| TASK OBJECTIVE |
Each line below should be repeated exactly, but no picture should be carried over.

| DATASET EXCERPT |
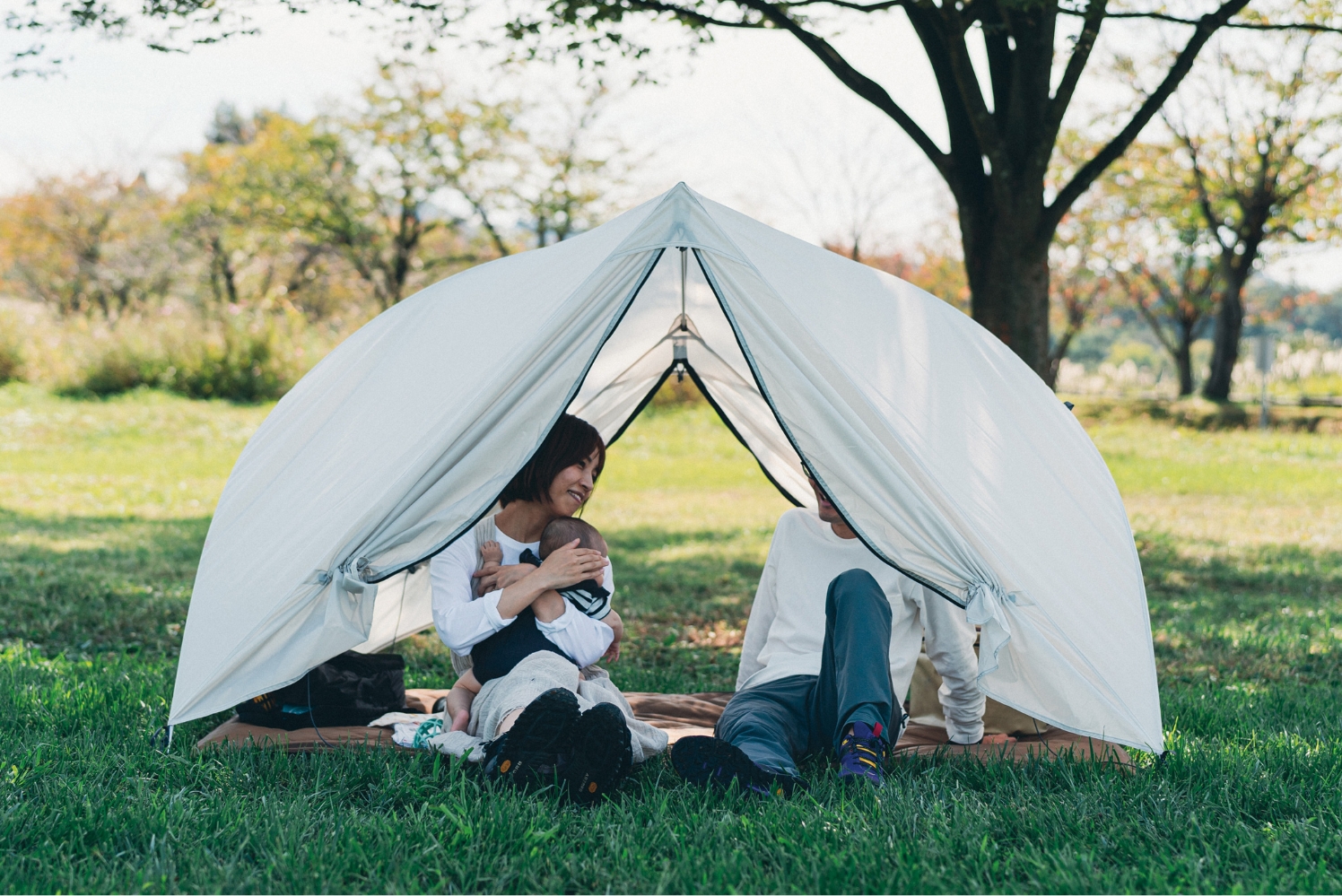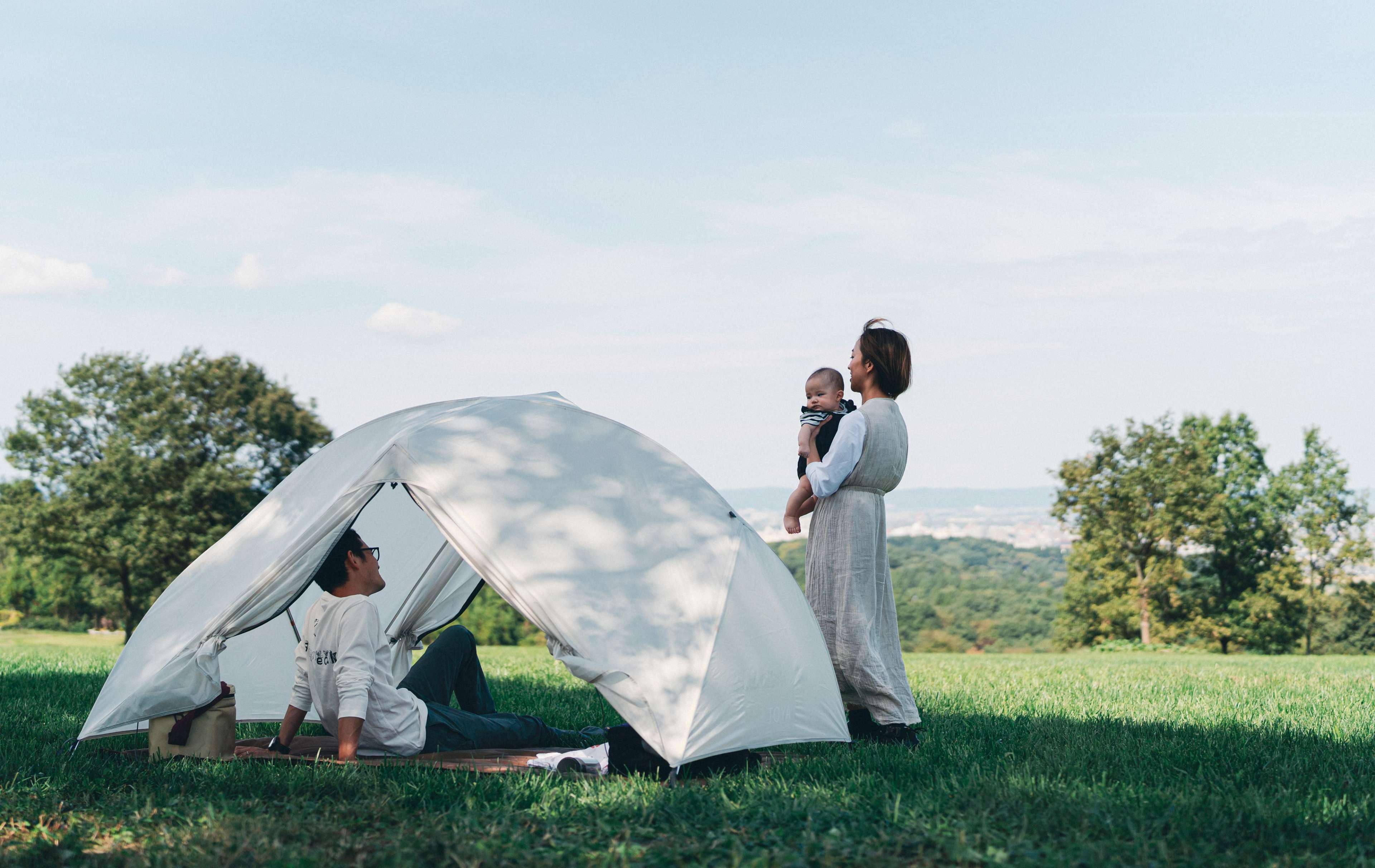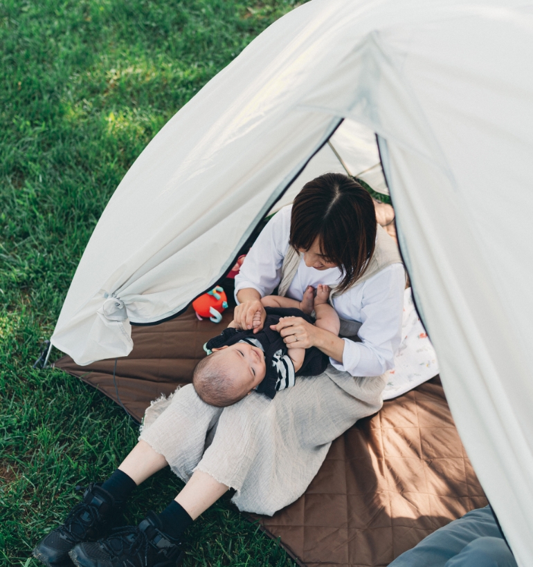 昼下がりの公園でピクニックを楽しむご家族に、キャンプならではの醍醐味でもある、居住空間を自分たちでつくりあげる体験を提供したい。そこからToya 2の開発が始まりました。フレーム、フライシート、フロアシートの3点だけで構成され設営・撤収のしやすさを実現。ベルトを引っ張ることでフレームにテンションをかけ立ち上がる仕組みを採用するなど、未経験者が簡単に設営できるのも特徴です。
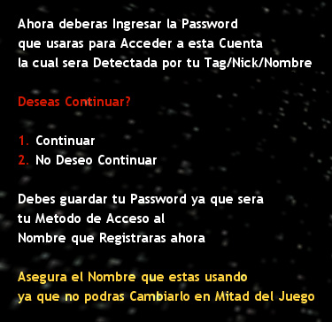 Si presionas el Nº 1 proseguiras con el Ingreso de tu Contraseña la cual será la clave de acceso a tu cuenta cuando quieras ingresar al Servidor.
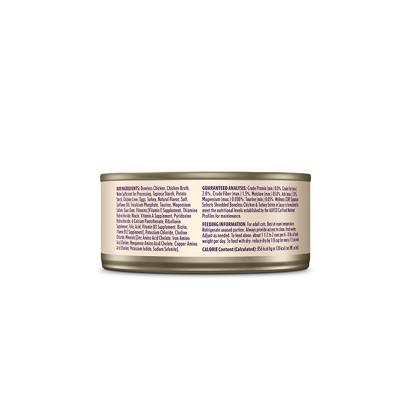 Boneless Chicken, Chicken Broth, Water Sufficient for Processing, Potato Starch, Eggs, Turkey, Natural Flavor, Tricalcium Phosphate, Sunflower Oil, Guar Gum, Potassium Chloride, Taurine, Salt, Magnesium Sulfate, Xanthan Gum, Vitamins [Vitamin E Supplement, Thiamine Hydrochloride, Niacin, Vitamin A Supplement, Pyridoxine Hydrochloride, d-Calcium Pantothenate, Riboflavin Supplement, Folic Acid, Vitamin D3 Supplement, Biotin, Vitamin B12 Supplement], Choline Chloride, Minerals [Zinc Amino Acid Chelate, Iron Amino Acid Chelate, Manganese Amino Acid Chelate, Copper Amino Acid Chelate, Potassium Iodide, Sodium Selenite]

| ANSWER BOX |
 昼下がりの公園でピクニックを楽しむご家族に、キャンプならではの醍醐味でもある、居住空間を自分たちでつくりあげる体験を提供したい。そこからToya 2の開発が始まりました。フレーム、フライシート、フロアシートの3点だけで構成され設営・撤収のしやすさを実現。ベルトを引っ張ることでフレームにテンションをかけ立ち上がる仕組みを採用するなど、未経験者が簡単に設営できるのも特徴です。
 Si presionas el Nº 1 proseguiras con el Ingreso de tu Contraseña la cual será la clave de acceso a tu cuenta cuando quieras ingresar al Servidor.
 Boneless Chicken, Chicken Broth, Water Sufficient for Processing, Potato Starch, Eggs, Turkey, Natural Flavor, Tricalcium Phosphate, Sunflower Oil, Guar Gum, Potassium Chloride, Taurine, Salt, Magnesium Sulfate, Xanthan Gum, Vitamins [Vitamin E Supplement, Thiamine Hydrochloride, Niacin, Vitamin A Supplement, Pyridoxine Hydrochloride, d-Calcium Pantothenate, Riboflavin Supplement, Folic Acid, Vitamin D3 Supplement, Biotin, Vitamin B12 Supplement], Choline Chloride, Minerals [Zinc Amino Acid Chelate, Iron Amino Acid Chelate, Manganese Amino Acid Chelate, Copper Amino Acid Chelate, Potassium Iodide, Sodium Selenite]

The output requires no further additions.